STORED DATA:
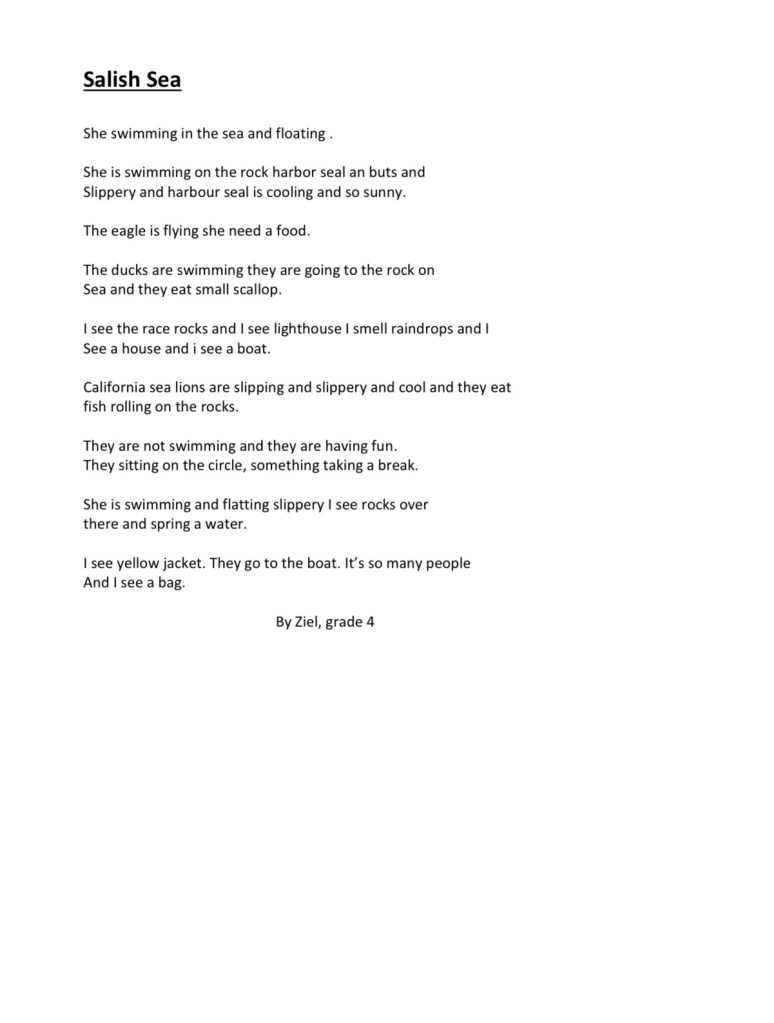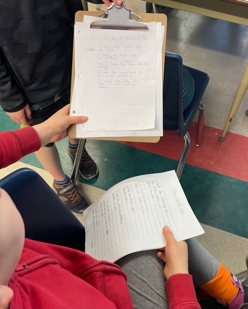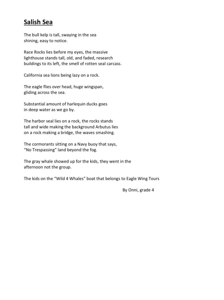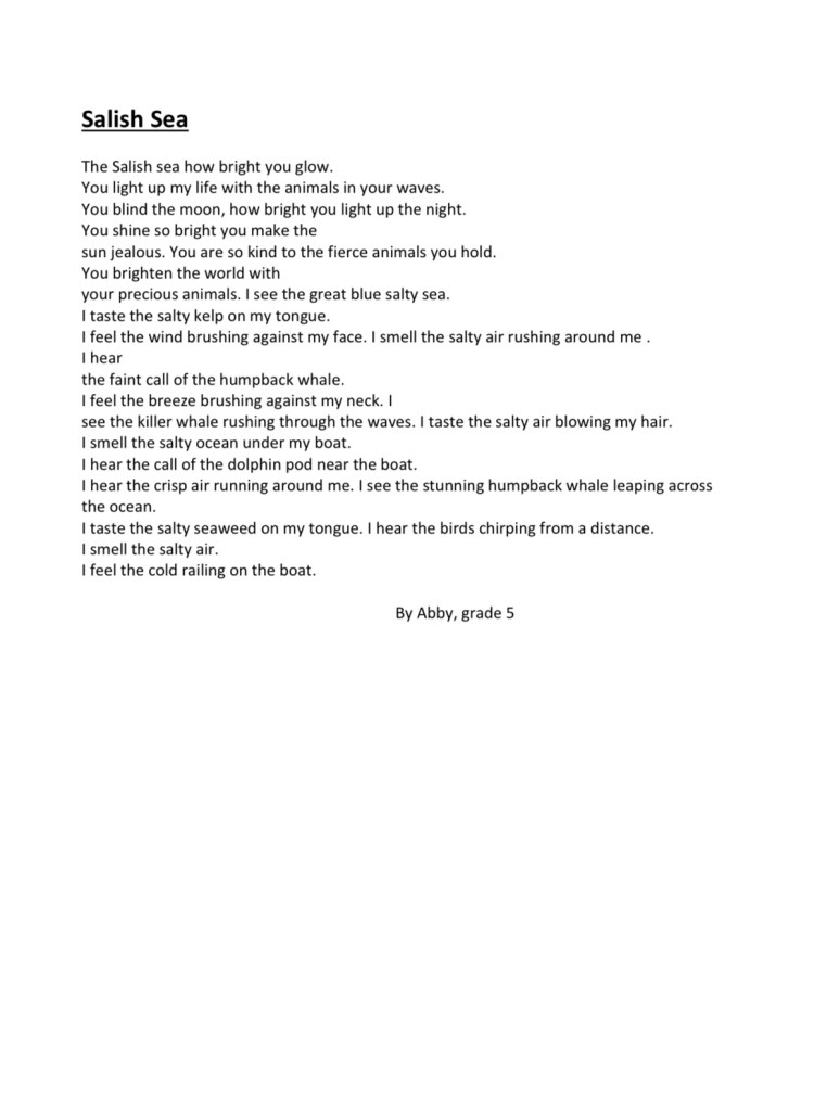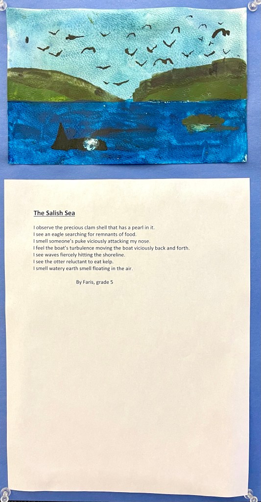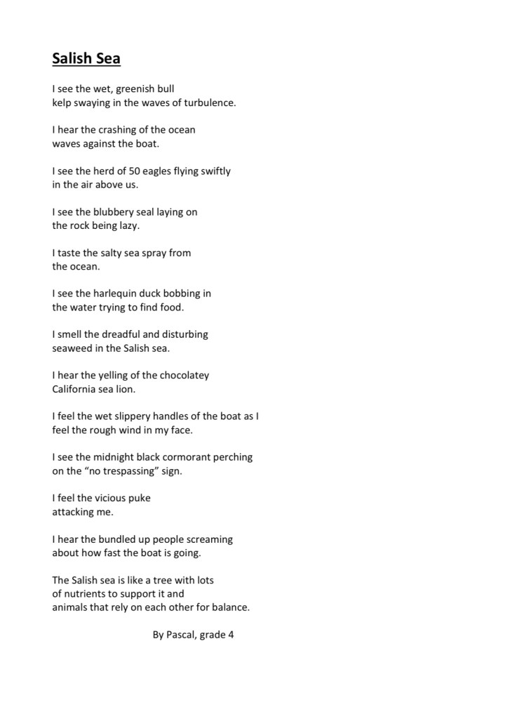 What do you see, smell, taste, hear, and touch when out on the Salish Sea? We have been working on “five senses” poems this term, and below is a selection of the best of our writing. Students wrote Salish Sea poems both BEFORE and AFTER their field trip out on the water—so we could compare how real life experiences could inform the creative process.
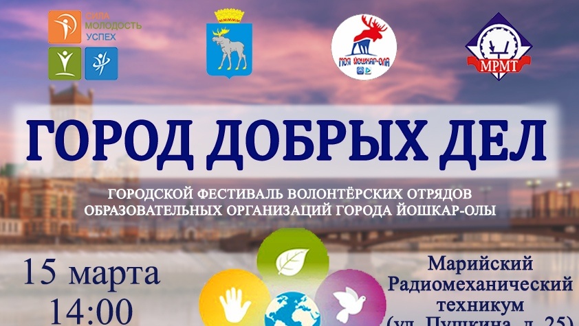 15 марта в столице Марий Эл состоится Фестиваль волонтёрских отрядов образовательных организаций Йошкар-Олы — «Город добрых дел». Площадка проведения — Марийский радиомеханический техникум, сообщает пресс-служба горадминистрации.
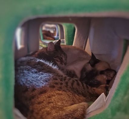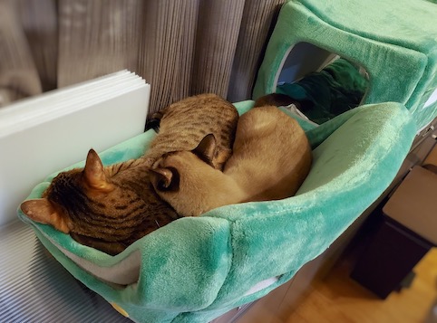 「何年も前にゴンゴンが、わらわのキャリーのドアを壊しての」「おデン様は、壊れたまま我慢してお使いでしたね」「コバンのキャリーの方は、まだ新しいうちに取っ手を噛み切られたのじゃ」「そっちもゴンの仕業でした」
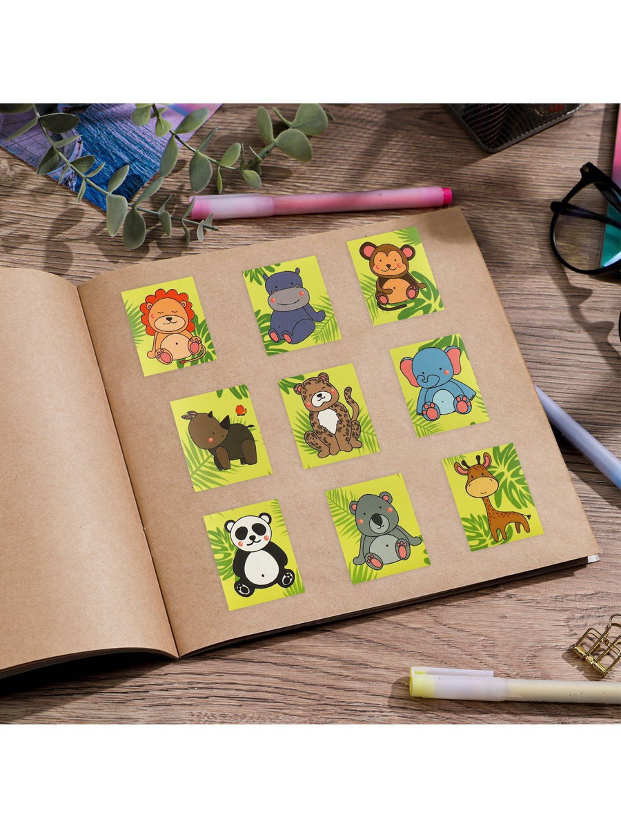Наклейки детские бумажные "Джунгли", c раскраской на обороте, 10x14 см, 15x11x0.1 см., Дарите Счастье, Китай
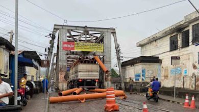 Caminhão carregado de tubos fica preso na ponte D. Pedro II, entre São Félix e Cachoeira
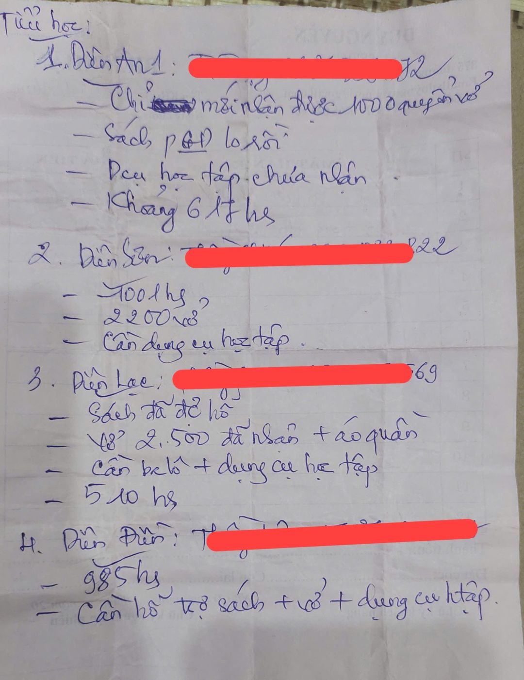 Hiện còn nhiều trường thiếu tập vở nên Vịt xin đề xuất hỗ trợ tiếp (danh sách các trường xin hỗ trợ đợt 2 hình ảnh bên dưới).
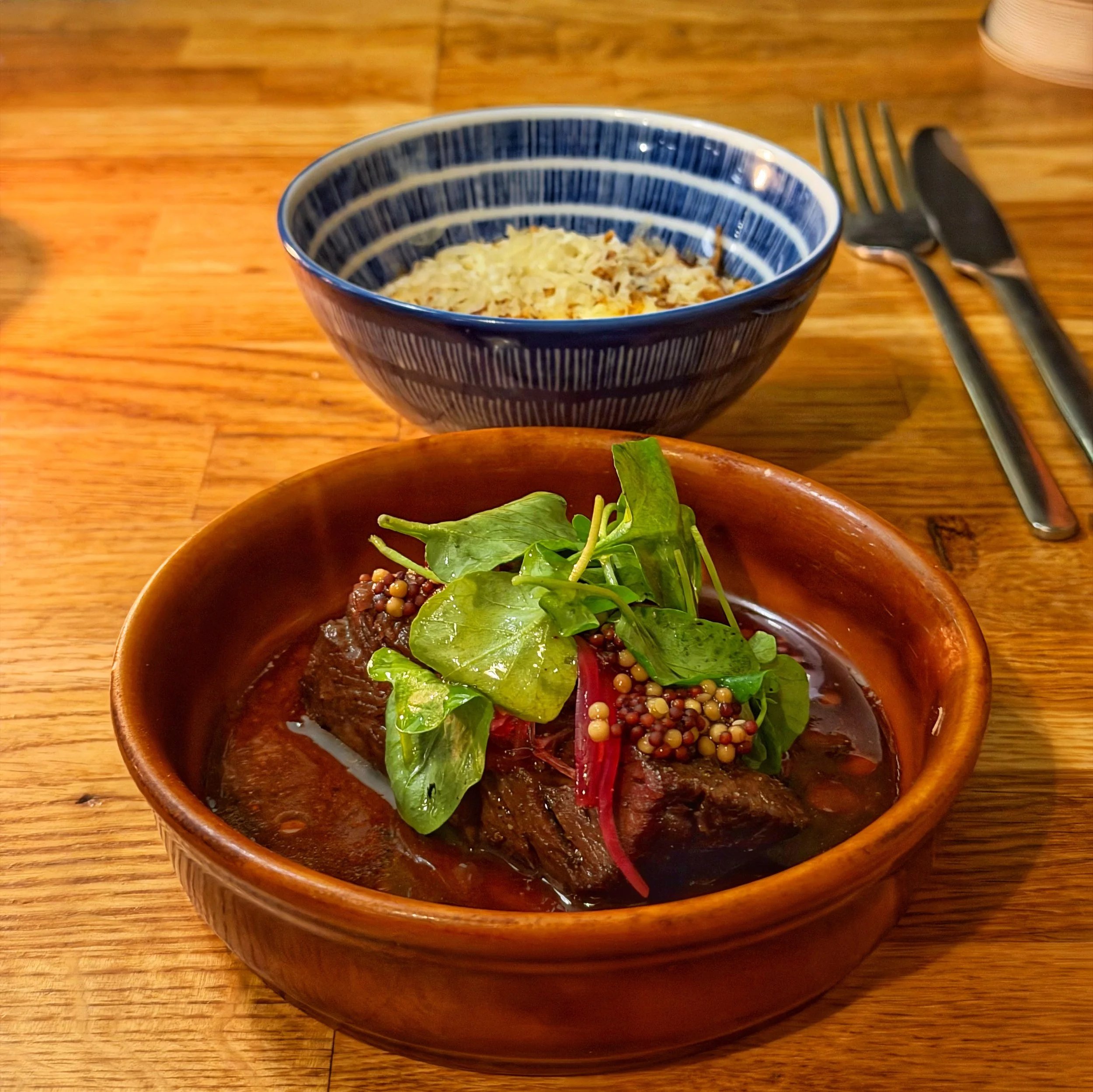 5. Glazed Hereford beef cheek with mustard, pickled red onion and landcress
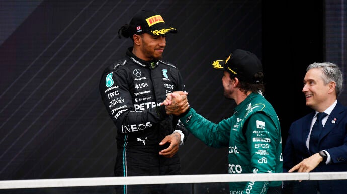 Sin embargo, la mala tracción del Mercedes en las curvas lentas y el buen rendimiento del 'mejorado' Aston Martin no le permitieron afianzarse bien en el segundo puesto y 22 vueltas después, Alonso recuperó su lugar. El piloto británico apretó en las últimas vueltas, pero no fue suficiente para adelantar a un Fernando Alonso que fue una auténtica roca.
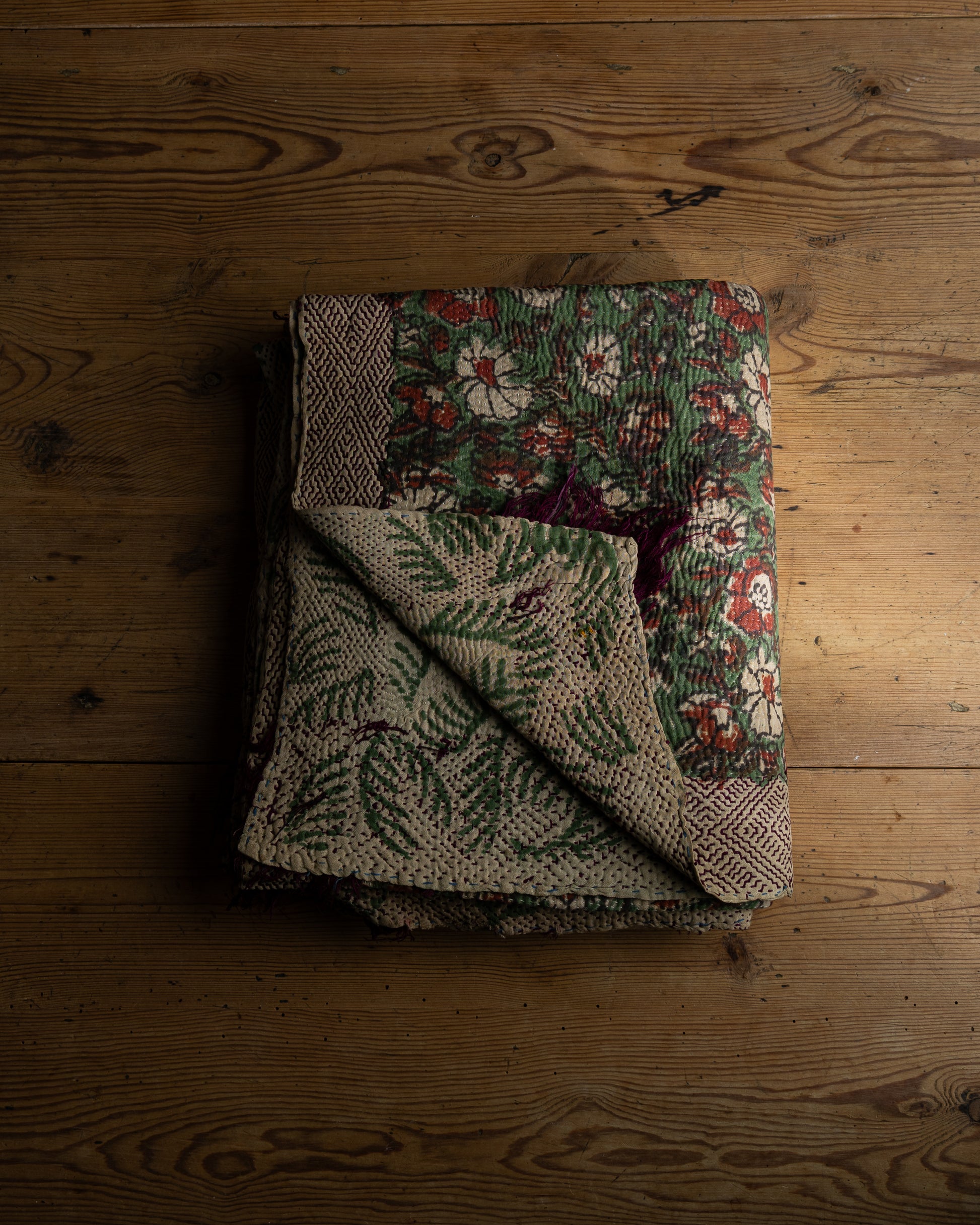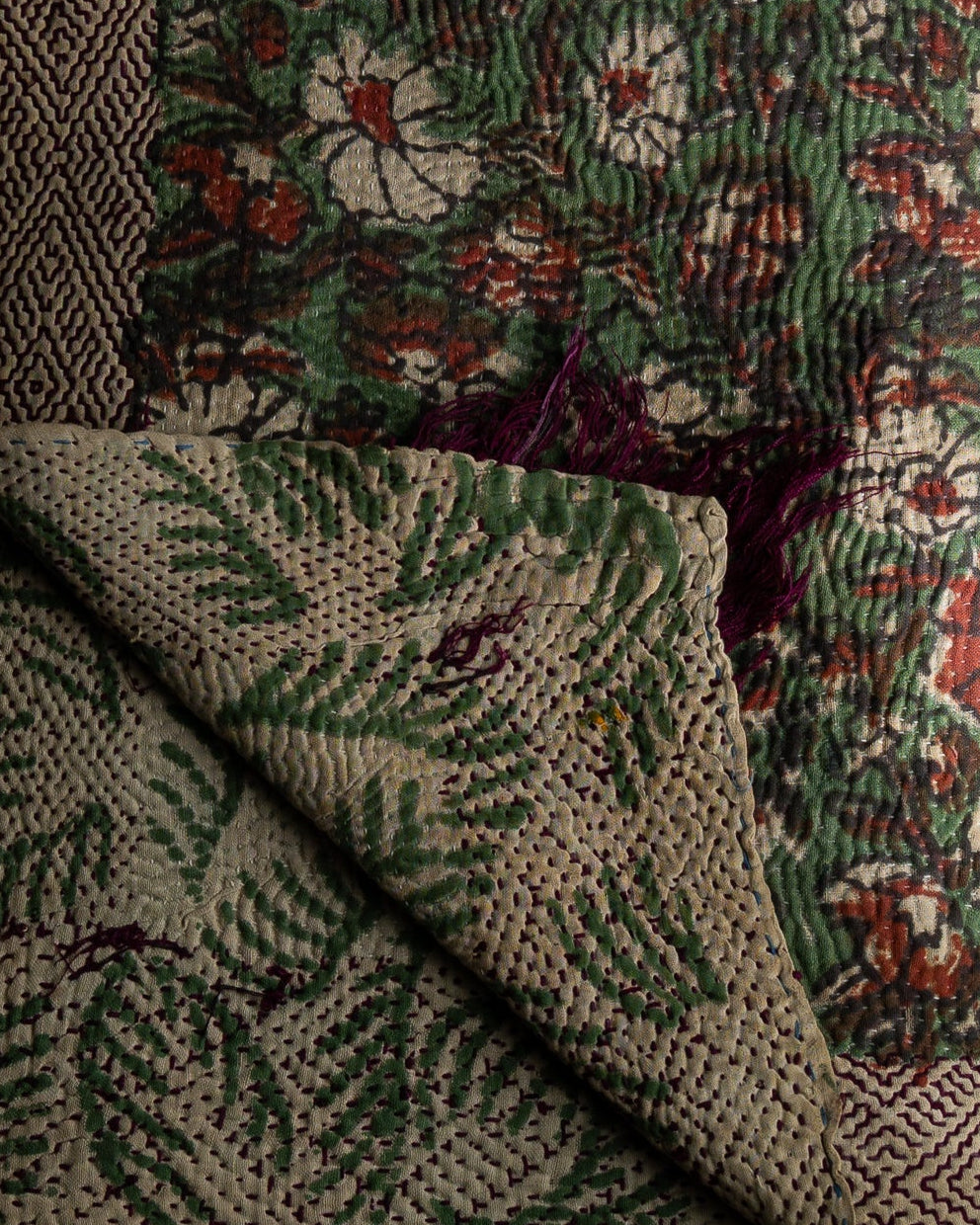 Teppet er sydd av indiske sarier, den tradisjonsrike indiske klesdrakten. Hvert teppe er unikt, og alle har sjarmerende små detaljer. Teppet kan brukes som sengeteppe, eller i sofakroken.
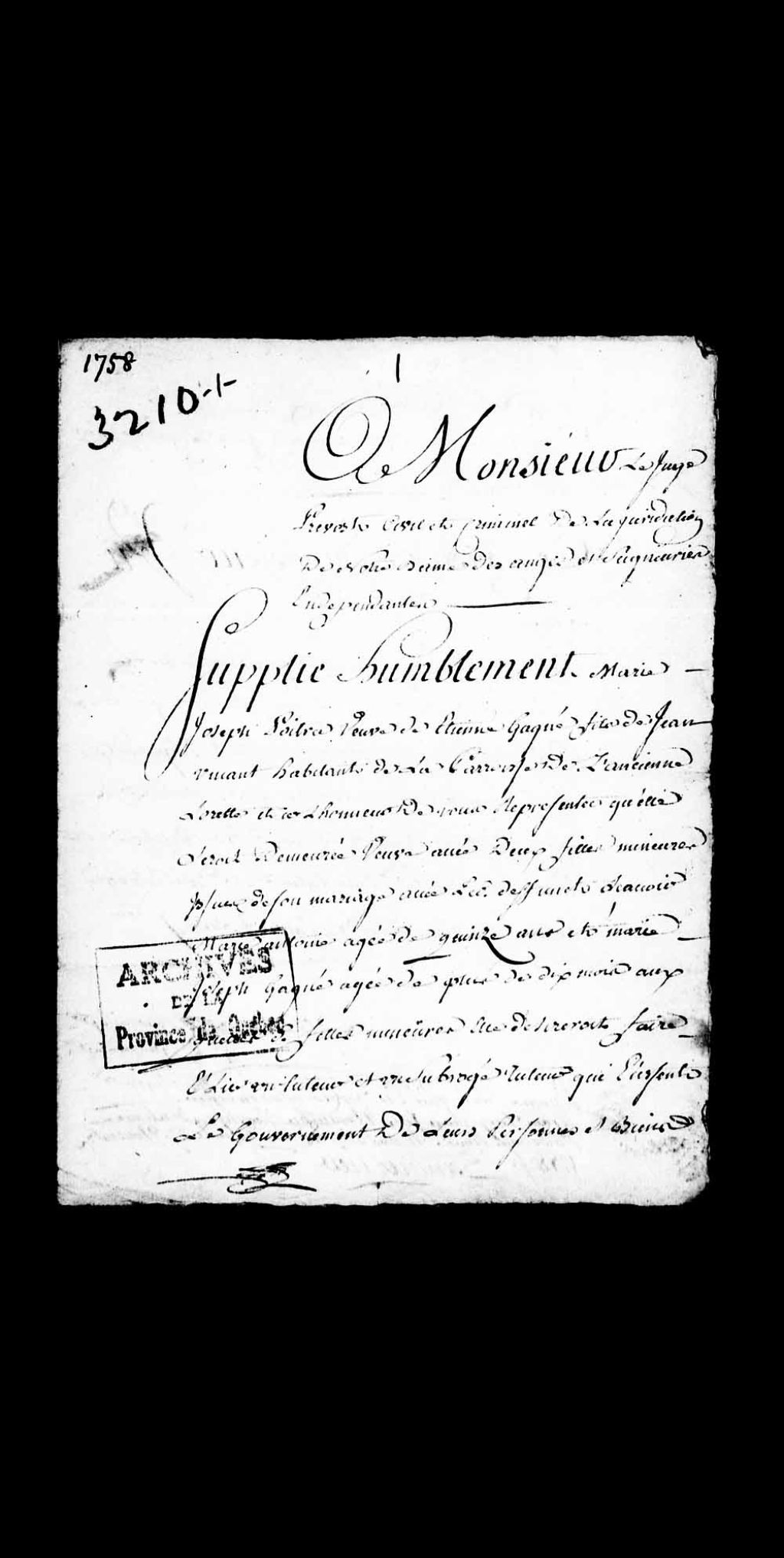 Requête de Marie-Josèphe Poitras, veuve de Étienne Gagné, fils de Jean Gagné et habitant de la paroisse de L'Ancienne-Lorette, demandant la permission de faire comparaître les parents et amis de Marie-Antoine Gagné, 15 ans; et de Marie-Josèphe Gagné, 10 mois, enfants mineures issues de son mariage avec le défunt Gagné, dans le but de faire élire un tuteur pour lesdites enfants mineures, 27 novembre 1758, Archives nationales à Québec, Collection Pièces judiciaires et notariales, (03Q,TL5,D3210-1).

YOUR GOAL: Exact repetition is the task: every line from the start of the data to the line with "15 марта в столице", inclusive, and none after it, pictures omitted.

SOLUTION FOR THIS TASK:
 What do you see, smell, taste, hear, and touch when out on the Salish Sea? We have been working on “five senses” poems this term, and below is a selection of the best of our writing. Students wrote Salish Sea poems both BEFORE and AFTER their field trip out on the water—so we could compare how real life experiences could inform the creative process.
 15 марта в столице Марий Эл состоится Фестиваль волонтёрских отрядов образовательных организаций Йошкар-Олы — «Город добрых дел». Площадка проведения — Марийский радиомеханический техникум, сообщает пресс-служба горадминистрации.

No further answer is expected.